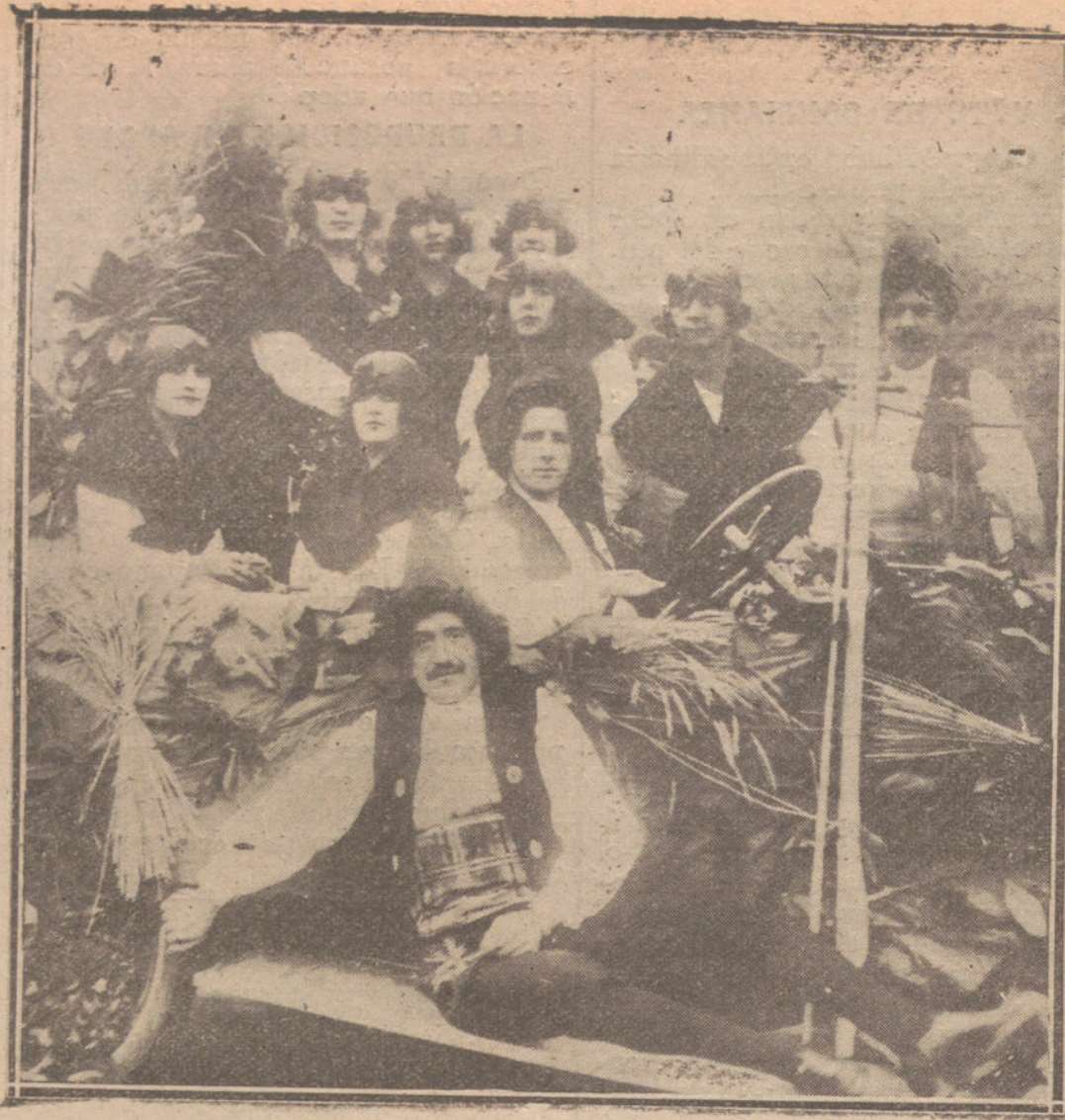
EL CARNAVAL EN MADRID.—COCHE TITULADO «MEU CARINO», QUE GANO EL SEGUNDO PREMIO.

Finalmente, mauristas y cervistas perduran en las mismas relaciones con el mi-
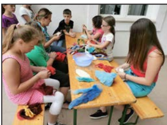
Szívárvány tábor 4. oldal
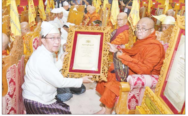
ဒုတိယဝန်ကြီးချုပ်နှင့် ပြည်ထောင်စုဝန်ကြီး ဦးဝင်းရှိန် အဂ္ဂမဟာပဏ္ဍိတဘွဲ့တံဆိပ်တော်ရ ကန်တော်မင်းစာသင်တိုက်ဆရာတော် ဘဒ္ဒန္တသုစိတ္တထံ ဘွဲ့တံဆိပ်တော်နှင့် အဆောင်အယောင်များ ဆက်ကပ်ပူဇော်စဉ်။

တော်များ ဆက်ကပ်ပေးအပ်ချီးမြှင့်ခဲ့ကြကြောင်း သိရသည်။ ဆက်လက်ပြီး ဆွမ်းဆန်စိမ်းလောင်းလှူပွဲကို ကျင်းပရာ နိုင်ငံတော် စီမံအုပ်ချုပ်ရေးကောင်စီဥက္ကဋ္ဌ နိုင်ငံတော်ဝန်ကြီးချုပ်ဗိုလ်ချုပ်မှူးကြီး မင်းအောင်လှိုင်နှင့် ဇနီး ဒေါ်ကြူကြူလှတို့နှင့်အတူ ကောင်စီဒုတိယဥက္ကဋ္ဌ ဒုတိယဝန်ကြီးချုပ် ဒုတိယဗိုလ်ချုပ်မှူးကြီး စိုးဝင်းနှင့်ဇနီး ဒေါ်သန်းသန်းနွယ်၊ ကောင်စီအတွင်းရေးမှူးနှင့်ဇနီး၊ တွဲဖက်အတွင်းရေးမှူးနှင့်ဇနီး၊ ကောင်စီအဖွဲ့ဝင်များနှင့်ဇနီးများ၊ ပြည်ထောင်စုအဆင့် ပုဂ္ဂိုလ်များ၊ ပြည်ထောင်စုဝန်ကြီးများနှင့် ဇနီးများ၊ ကာကွယ်ရေး ဦးစီးချုပ်ရုံးမှ ၂၀၂၄ ခုနှစ် သာသနာတော် ပြည်ပဆရာတော်၊ သံဃာတော် ရာမဏ္ဍပ်များမှ ဆွမ်းဆန်စိမ်းနှင့် အဆင့်မြင့် တပ်မတော်အရာရှိကြီး ဆိုင်ရာ ဘွဲ့တံဆိပ်တော်များ လှူဒါန်းပေးအပ်ပူဇော်ခံယူ များနှင့်ဇနီးများ၊ ဌာနဆိုင်ရာများမှ ဆက်ကပ်ကော်ရော် အပူဇော်ခံယူ ဝန်ထမ်းများ၊ အလှူရှင်များက တော်မူခဲ့ကြသည့် ပြည်တွင်း၊

Exercise brief:
Apart from the images, every line above is to be given again exactly.

Exercise response:
EL CARNAVAL EN MADRID.—COCHE TITULADO «MEU CARINO», QUE GANO EL SEGUNDO PREMIO.

Finalmente, mauristas y cervistas perduran en las mismas relaciones con el mi-
Szívárvány tábor 4. oldal
ဒုတိယဝန်ကြီးချုပ်နှင့် ပြည်ထောင်စုဝန်ကြီး ဦးဝင်းရှိန် အဂ္ဂမဟာပဏ္ဍိတဘွဲ့တံဆိပ်တော်ရ ကန်တော်မင်းစာသင်တိုက်ဆရာတော် ဘဒ္ဒန္တသုစိတ္တထံ ဘွဲ့တံဆိပ်တော်နှင့် အဆောင်အယောင်များ ဆက်ကပ်ပူဇော်စဉ်။

တော်များ ဆက်ကပ်ပေးအပ်ချီးမြှင့်ခဲ့ကြကြောင်း သိရသည်။ ဆက်လက်ပြီး ဆွမ်းဆန်စိမ်းလောင်းလှူပွဲကို ကျင်းပရာ နိုင်ငံတော် စီမံအုပ်ချုပ်ရေးကောင်စီဥက္ကဋ္ဌ နိုင်ငံတော်ဝန်ကြီးချုပ်ဗိုလ်ချုပ်မှူးကြီး မင်းအောင်လှိုင်နှင့် ဇနီး ဒေါ်ကြူကြူလှတို့နှင့်အတူ ကောင်စီဒုတိယဥက္ကဋ္ဌ ဒုတိယဝန်ကြီးချုပ် ဒုတိယဗိုလ်ချုပ်မှူးကြီး စိုးဝင်းနှင့်ဇနီး ဒေါ်သန်းသန်းနွယ်၊ ကောင်စီအတွင်းရေးမှူးနှင့်ဇနီး၊ တွဲဖက်အတွင်းရေးမှူးနှင့်ဇနီး၊ ကောင်စီအဖွဲ့ဝင်များနှင့်ဇနီးများ၊ ပြည်ထောင်စုအဆင့် ပုဂ္ဂိုလ်များ၊ ပြည်ထောင်စုဝန်ကြီးများနှင့် ဇနီးများ၊ ကာကွယ်ရေး ဦးစီးချုပ်ရုံးမှ ၂၀၂၄ ခုနှစ် သာသနာတော် ပြည်ပဆရာတော်၊ သံဃာတော် ရာမဏ္ဍပ်များမှ ဆွမ်းဆန်စိမ်းနှင့် အဆင့်မြင့် တပ်မတော်အရာရှိကြီး ဆိုင်ရာ ဘွဲ့တံဆိပ်တော်များ လှူဒါန်းပေးအပ်ပူဇော်ခံယူ များနှင့်ဇနီးများ၊ ဌာနဆိုင်ရာများမှ ဆက်ကပ်ကော်ရော် အပူဇော်ခံယူ ဝန်ထမ်းများ၊ အလှူရှင်များက တော်မူခဲ့ကြသည့် ပြည်တွင်း၊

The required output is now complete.